Прошло около часа. Демин и Самохин снова добрались до отряда моряков и позвонили, что Саню найти не удалось, хотя моряки ищут ее. Затем они тоже отправились на поиски.
– Куда она могла деться – ума не приложу! Как сквозь землю провалилась! – нахмурился Блохин.
– Сквозь землю – того не может быть, а в картофельную яму очень даже могла попасть! Тогда ее до утра не сыщешь, – проговорил Прахов.
– До утра она замерзнет.
– В яме куда теплее, чем в поле. Сверху снегом присыплет – и тепло, что в твоей избе.
В это время в штаб моряков из сторожевого охранения поступило сообщение о поимке у реки трех перебежчиков – двух мужчин и одной женщины.
– Немедленно всех доставить в штаб! – распорядился Лутковский. – И смотрите, чтобы все были живы. Иначе самим голову отверчу!
Запищал телефон. Блохин снова справлялся о Сане.
– Что у вас нового? Никого не нашли? – спросил он. – Тут приемная мать девушки ревет белугой, дочку раньше времени оплакивает…
– Пока ничего. Поймали на реке каких-то перебежчиков. Сейчас приведут сюда, – ответил Лутковский.

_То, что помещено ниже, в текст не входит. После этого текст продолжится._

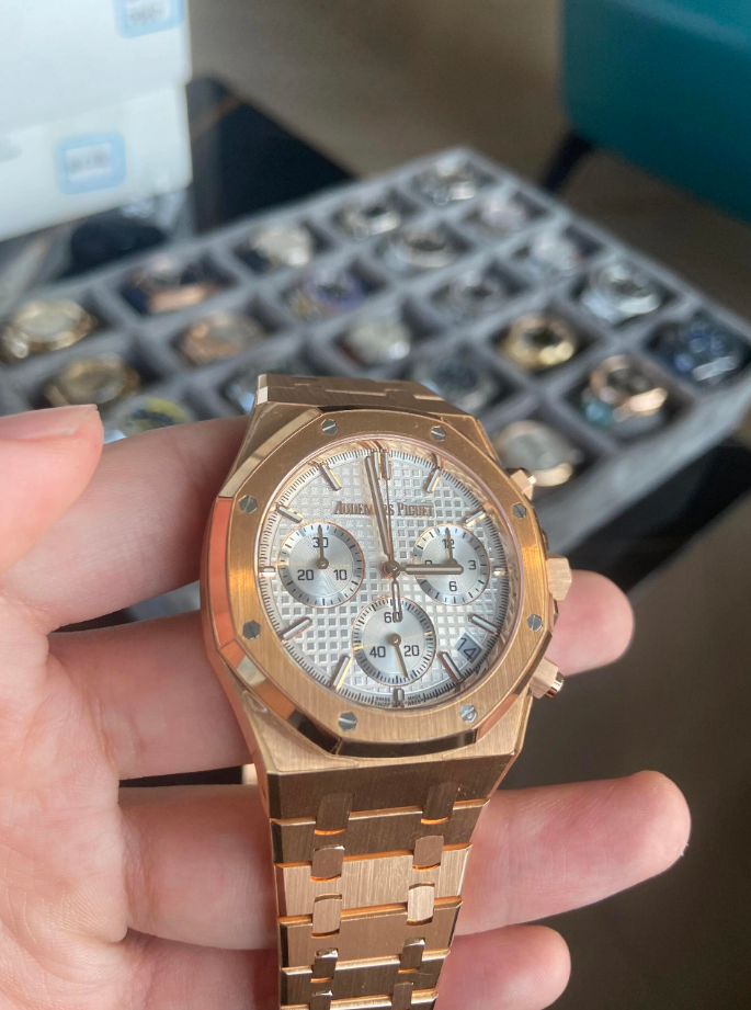 ROYAL OAK Pink Gold Silver-Toned Dial CHRONOGRAPH 41mm

Молодежный отряд по-прежнему был придан морякам, и Орехов с Васей Алексеевым находились в соседней избе, рядом со штабом моряков. Утомленные дневными боями, оба дремали, лежа на печке, когда неожиданно связной принес весть о пропаже Сани. Он довольно путано сообщил, что Саня пошла в Поповку и пропала.
– Сейчас ее ищут и хлопцы из Стального отряда и наши моряки, но найти не могут.

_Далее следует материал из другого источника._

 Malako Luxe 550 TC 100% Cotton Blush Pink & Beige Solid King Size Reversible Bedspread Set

Едва до сознания Орехова дошло, что Сане угрожает какая-то опасность, как сон мигом слетел с него. Он без церемоний растолкал Васю Алексеева и предложил идти на поиски девушки.
– Ты же ее знаешь, Вася! Она с нашего Стального завода. Надо идти искать. На дворе страшная метель, упадет – и мигом замерзнет, – доказывал Орехов.

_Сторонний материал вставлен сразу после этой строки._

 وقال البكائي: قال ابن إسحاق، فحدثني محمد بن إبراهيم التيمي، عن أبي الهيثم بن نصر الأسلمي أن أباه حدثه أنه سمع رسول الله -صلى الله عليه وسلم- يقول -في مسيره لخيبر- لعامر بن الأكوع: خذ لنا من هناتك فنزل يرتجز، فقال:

– Подбери человек десять хороших лыжников. Пусть с собой возьмут спирт и бинты. Мало ли что там может понадобиться, когда ее найдут, – решил Алексеев.
Через несколько минут человек двенадцать юношей и две девушки-санитарки в белых маскировочных халатах на лыжах и с винтовками за плечами во главе с Ореховым уже бежали по проводу от избы Лутковского по направлению к Стальному отряду. Лыжники шли цепью с небольшими интервалами. Таким образом они сразу осмотрели целую полосу шириной до ста метров. Они обнаружили и ту яму, в которую попала Саня, осмотрели ее и, конечно, ничего не нашли.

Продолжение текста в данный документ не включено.